Ankara’nın siyaset ve bürokrasinin merkezi olmasının yanı sıra değerli bir ekonomik merkez olduğunu lisana getiren Yılmaz, “Ankara’da üniversiteleri, AR-GE altyapıları, teknoloji merkezleriyle oluşan bu ekosistemin bizim kalkınma, ihracat gayelerimiz açısından da değerini bilmemiz, altını çizmemiz gerekiyor.” formunda konuştu.
Tesisin tamamlandığında 600 bireye istihdam sunacağı bilgisini veren Yılmaz, iktisadın, kalkınmanın, gelişmenin en temel ögesinin ve gayesinin insan olduğunu, tesisin insanların hayatında, refahında bir artışa yol açacağını ve genç mühendisler için uygun çalışma ortamı sağlayacağını söyledi.
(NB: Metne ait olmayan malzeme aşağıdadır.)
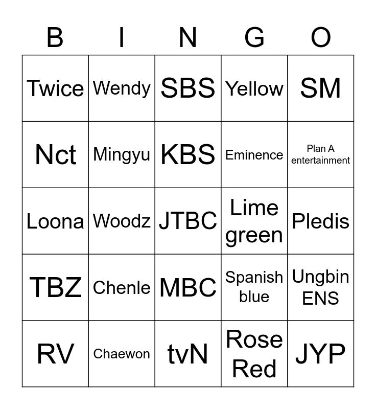 This bingo card has a free space and 24 words: RV, Chenle, KBS, Rose Red, SM, Twice, Wendy, SBS, Lime green, Pledis, Loona, Mingyu, Spanish blue, Ungbin ENS, Nct, Chaewon, tvN, Yellow, Plan A entertainment, TBZ, Woodz, MBC, Eminence and JYP.

Törene, KKTC Başbakanı Ünal Üstel, Sanayi ve Teknoloji Bakanı Mehmet Fatih Kacır, TBMM Sanayi, Ticaret, Güç, Olağan Kaynaklar, Bilgi ve Teknoloji Kurulu Lideri Mustafa Varank, Ankara Valisi Vasip Şahin ve Kontrolmatik Teknoloji İdare Heyeti Lideri Sami Aslanhan da katıldı.
Konuşmanın akabinde Aslanhan, Yılmaz’a, Prizmatik Lityum-Demir Fosfat Pil Hücresi ikram etti.
Daha sonra Yılmaz ve beraberindekiler, üretim tesisini gezdi, yetkililerden bilgi aldı.